## WHAT NEEDS TO BE DONE
Every line from the one with "Achter in de" through the end of the entries below should be written out exactly; the pictures should not.

·····

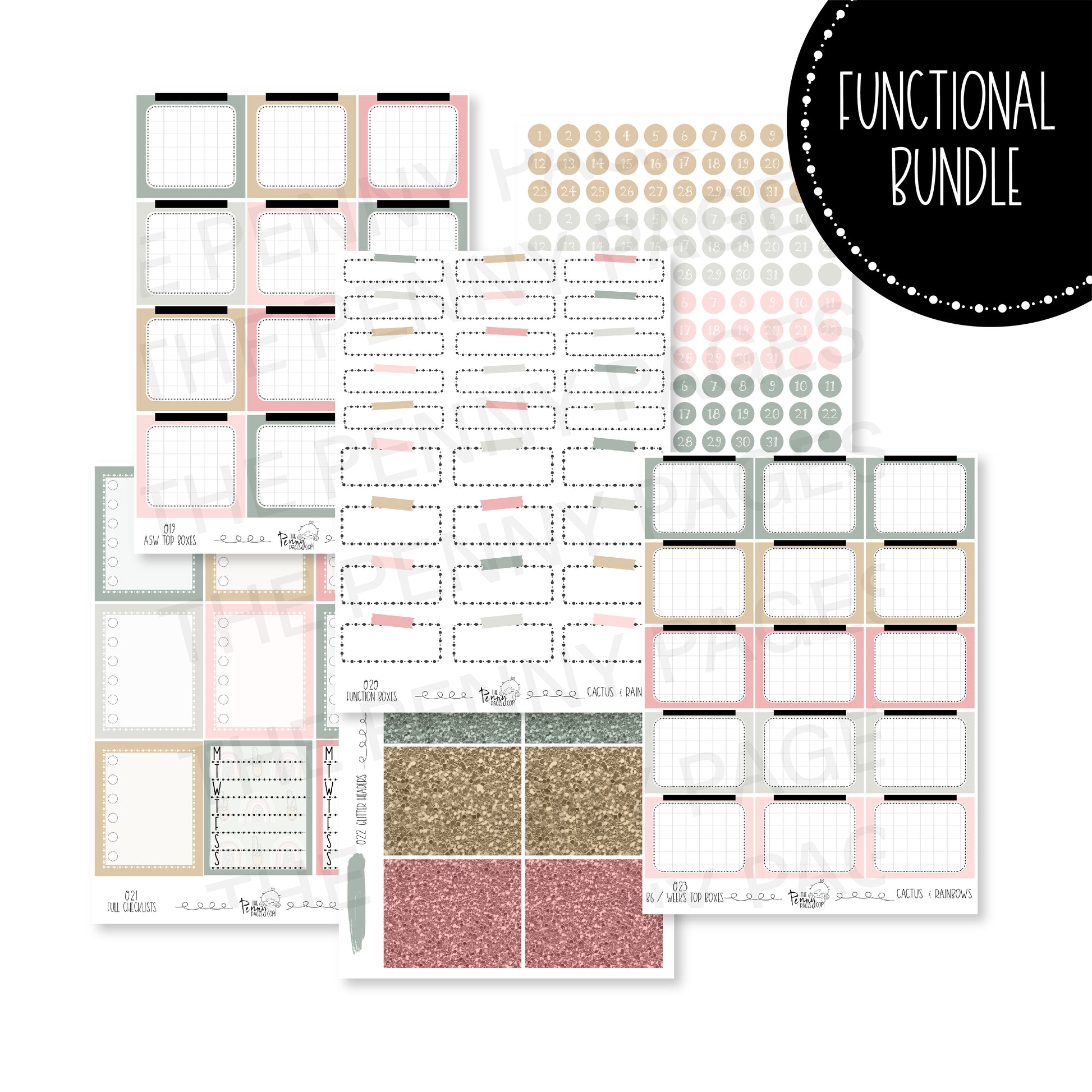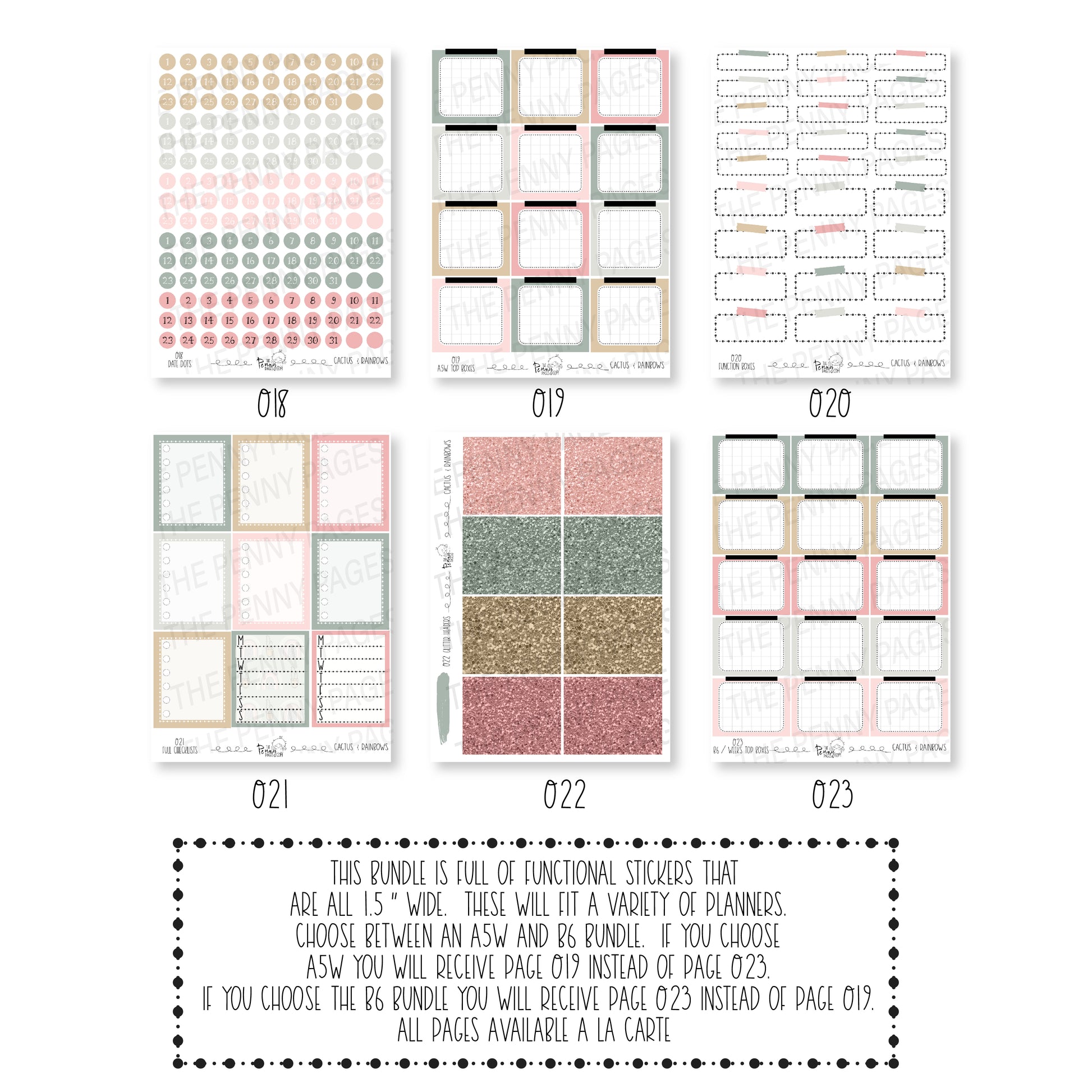This bundle is full of functional stickers that are all 1.5” wide. These will fit a variety of planners.
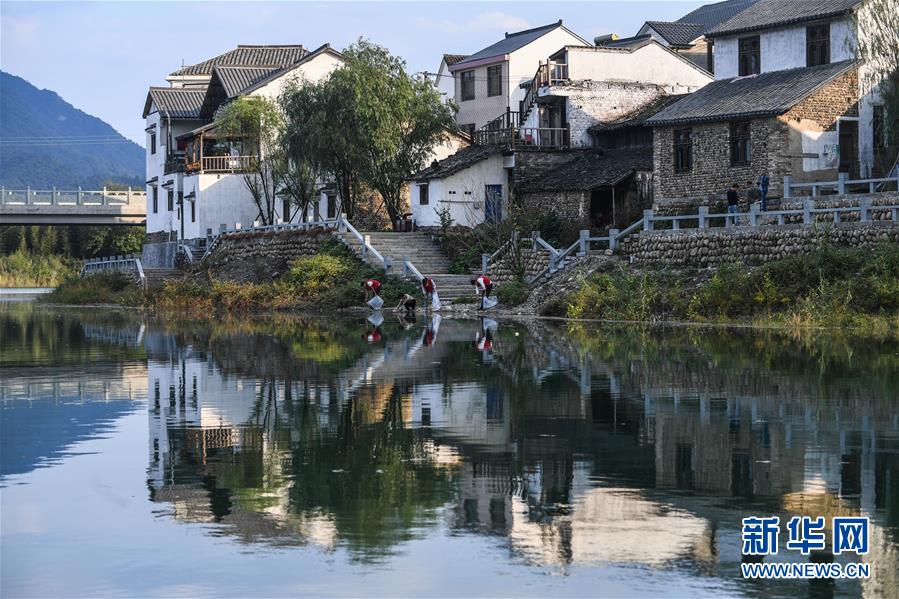 10月17日,河橋鎮(zhèn)的青年黨員們?cè)阪?zhèn)邊的昌南溪邊巡查,并清理兩岸的廢棄物。新華社記者 徐昱 攝
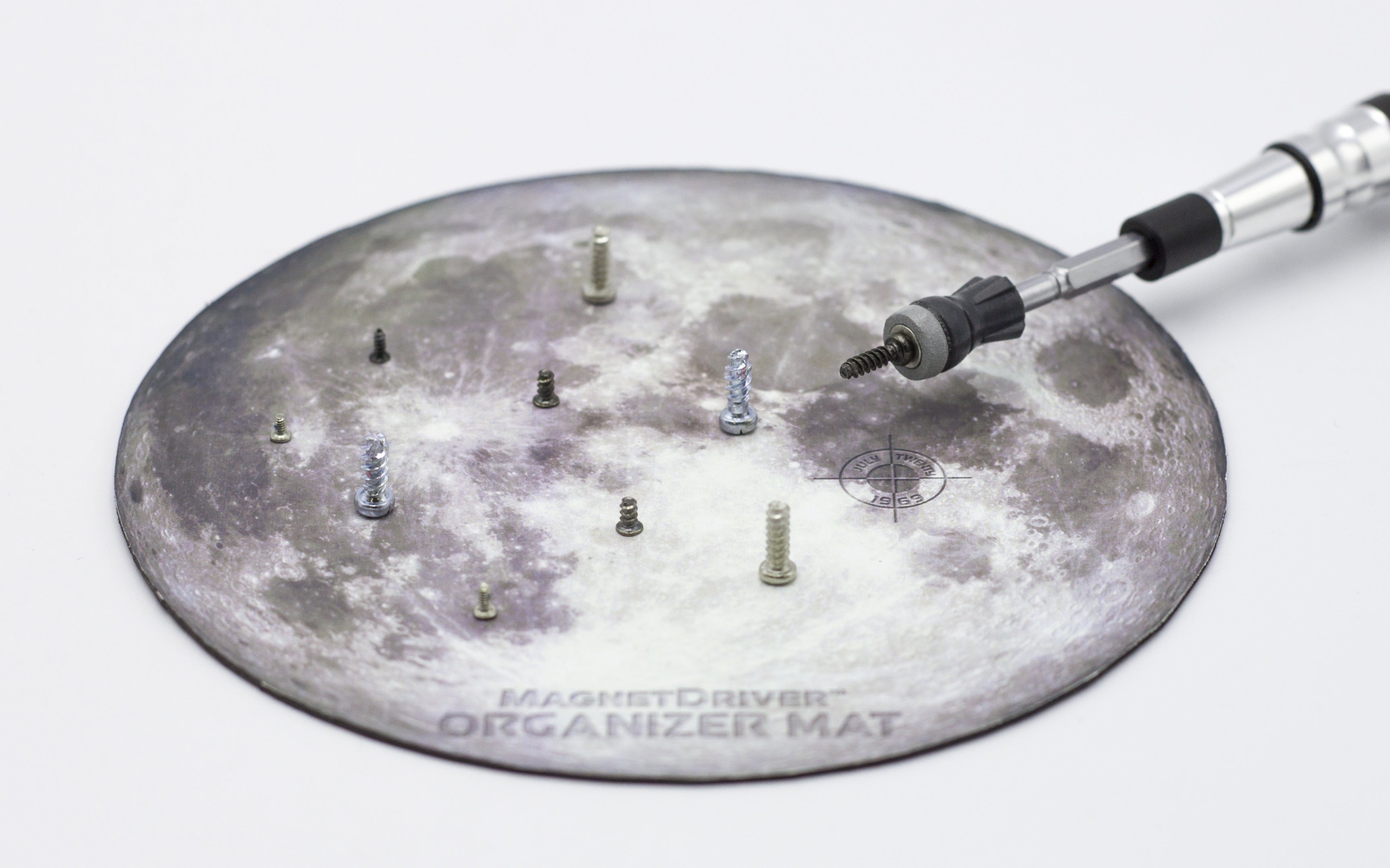 取り付けるねじ、もしくは取り外したねじを月の形をしたマグネットマットに置くことで転がりを防止し、ねじの紛失を防ぐことが出来ます。
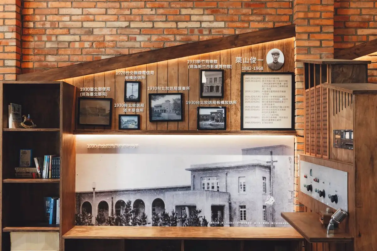 板橋放送所由日治時期台灣總督府技師栗山俊一所督造,為重要的廣播設施,戰後則轉變為「中廣板橋發射站」,建築立面可見水平線條與弧線形式,為日治後期轉向現代主義風格的設計手法。其以獨特的歷史意義與建築價值於2015年被指定為新北市市定古蹟,修復完成後的戶外空間今已開放,傍晚可見國小學童奔跑笑鬧,居民散步遛狗,有別於一街之隔的塵囂,老樹茂葉下微風徐吹令人心曠神怡。
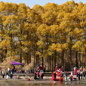 近日,内蒙古阿拉善盟额济纳旗的胡杨林进入最佳观赏期,吸引众多游客前来观赏游玩。10月1日至10月12日额济纳旗总旅游人次超过136万,同比增长9.83%。
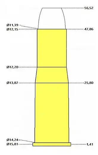 Bullet diameter0.4575 inches (11.62 mm)[3]
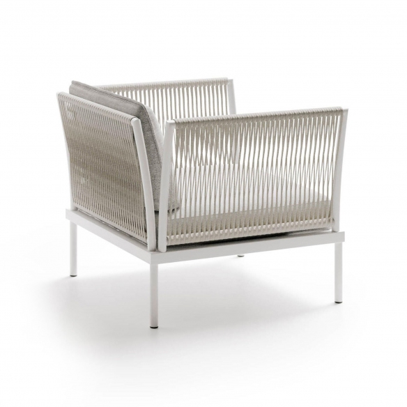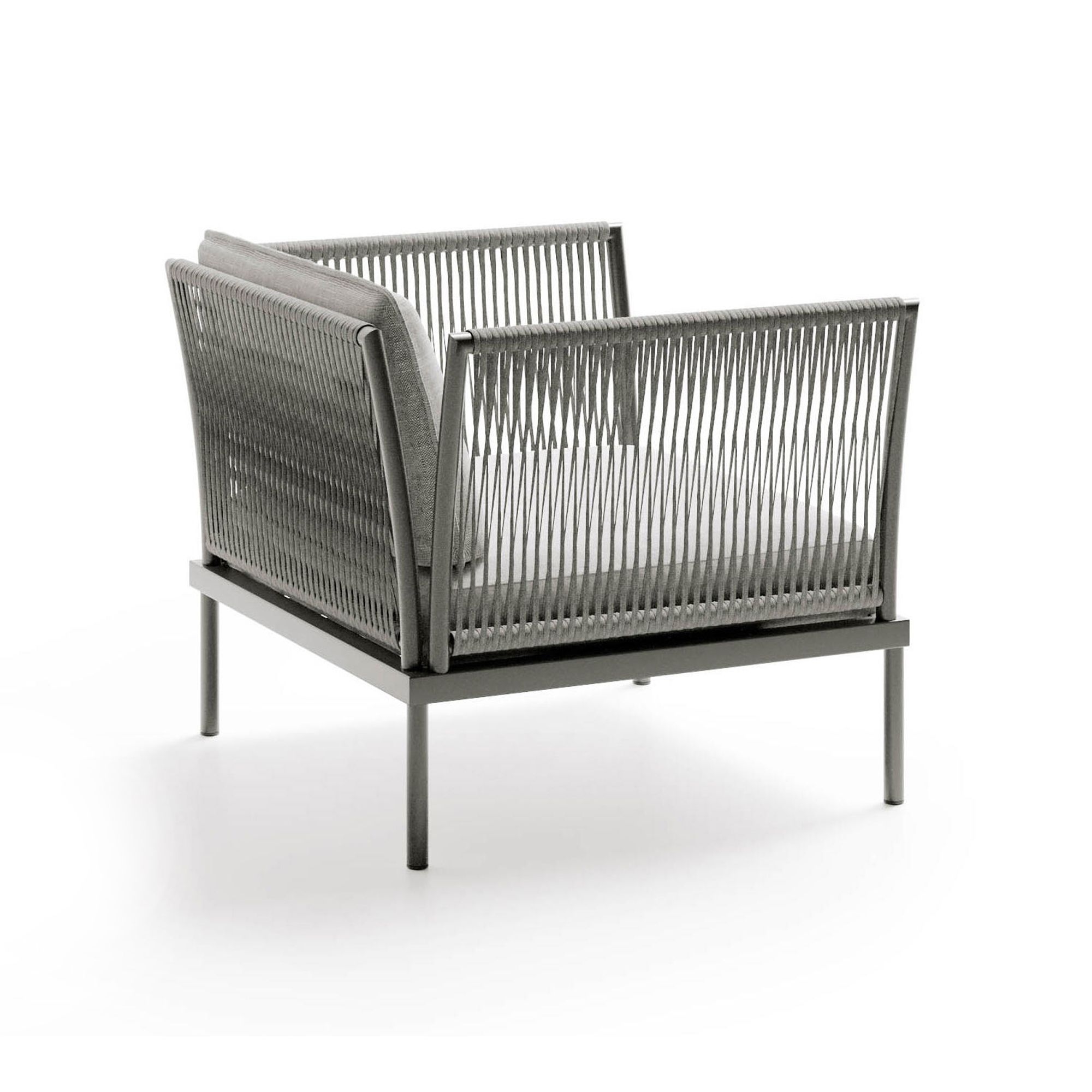 Poltrona da esterno Flash realizzata con struttura in alluminio verniciato epossidico per esterni, pannelli laterali in fibra termoplastica acrilica Teflon intrecciata a mano e cuscini della seduta e dello schienale rivestiti in tessuto outdoor. Disponibile in una vasta gamma di combinazioni di colore, la poltrona outdoor Flash rappresenta un connubio perfetto tra design raffinato e materiali di alta qualità, progettata per garantire comfort e durata nel tempo. Il Teflon, oltre ad essere idrorepellente e facile da pulire, offre un'elasticità e una morbidezza simili agli intrecci tessili, assicurando un comfort superiore senza rinunciare alla resistenza. Grazie alla sua capacità di resistere efficacemente ai raggi UV e alla sua rapidità nell'asciugarsi, la poltrona Flash è l'ideale per qualsiasi spazio esterno, dal giardino privato alla terrazza di un locale, garantendo un ambiente accogliente e stiloso. Perfetta per chi cerca una soluzione d'arredo all'esterno che sia allo stesso tempo elegante e funzionale, la poltrona Flash si adatta a contesti diversi, valorizzando lo spazio con un tocco di modernità. Che sia collocata da sola come punto focale o abbinata ad altri pezzi per creare un'area conversazione all'aperto, questa poltrona da esterno promette di trasformare ogni momento di relax in un'esperienza unica, circondati da bellezza e comfort. Scegliere la poltrona Flash significa fare una scelta di qualità, destinata a durare nel tempo e mantenere inalterato il proprio appeal estetico. Disegnata da Atmosphera Creative Lab.
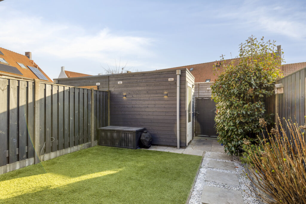 Achter in de tuin bevindt zich een houten berging met elektra en verlichting. Tevens is er een achterom aanwezig via het gemeenschappelijke achterpad.
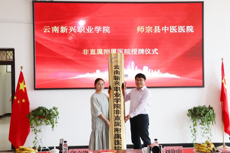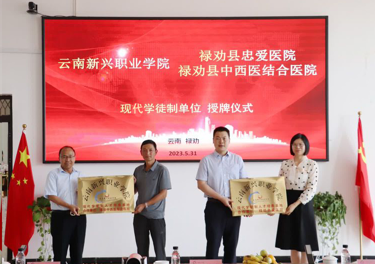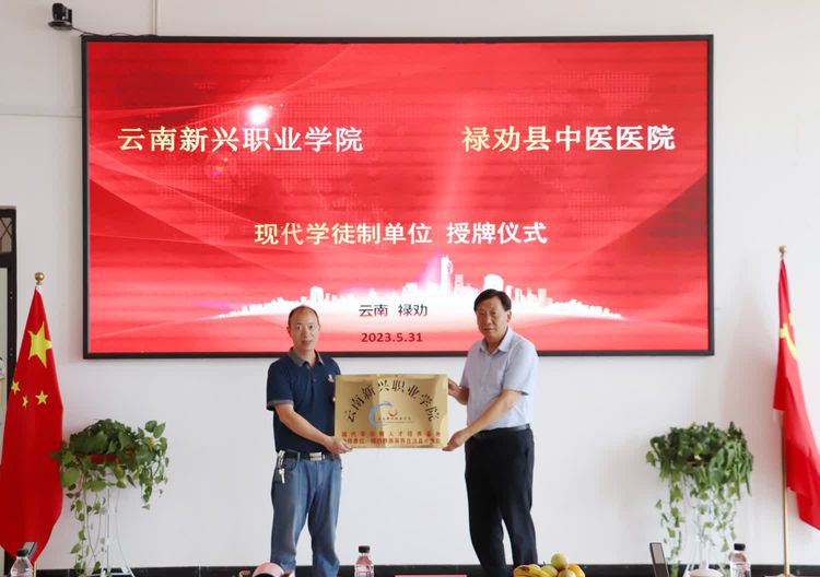 ▲刘沧山校长为现代学徒制、非直属附属医院禄劝县中医院授牌
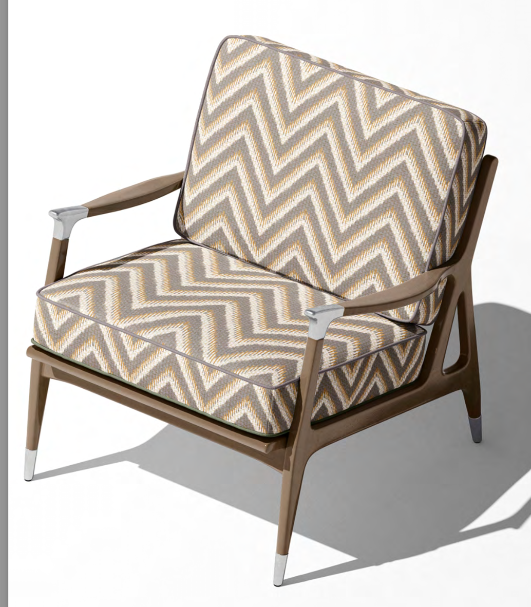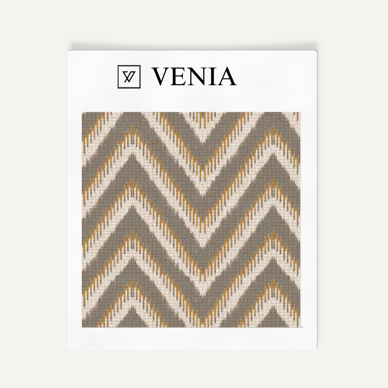 Heritage Chevron is an ikat-inspired fabric featuring a bold zig-zag motif. Its rhythmic chevron design adds structure and movement, making it perfect for upholstery, wing chairs, and cushions. Woven in a durable material, the fabric blends traditional ikat craft with a modern geometric style — ideal for statement chairs, sofas, and drapery.
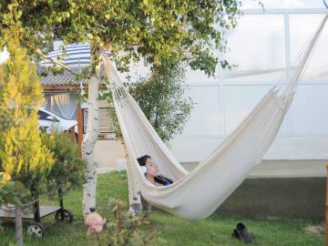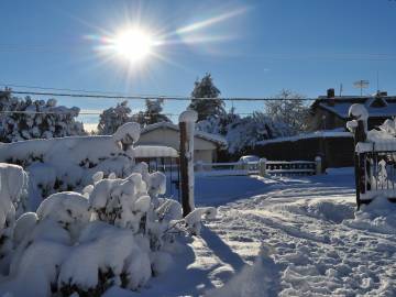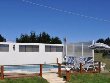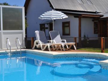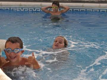 Piscina climatizada con hidromasaje al aire libre, abierta en verano.

·····

## RESPONSE AREA
 Achter in de tuin bevindt zich een houten berging met elektra en verlichting. Tevens is er een achterom aanwezig via het gemeenschappelijke achterpad.
 ▲刘沧山校长为现代学徒制、非直属附属医院禄劝县中医院授牌
 Heritage Chevron is an ikat-inspired fabric featuring a bold zig-zag motif. Its rhythmic chevron design adds structure and movement, making it perfect for upholstery, wing chairs, and cushions. Woven in a durable material, the fabric blends traditional ikat craft with a modern geometric style — ideal for statement chairs, sofas, and drapery.
 Piscina climatizada con hidromasaje al aire libre, abierta en verano.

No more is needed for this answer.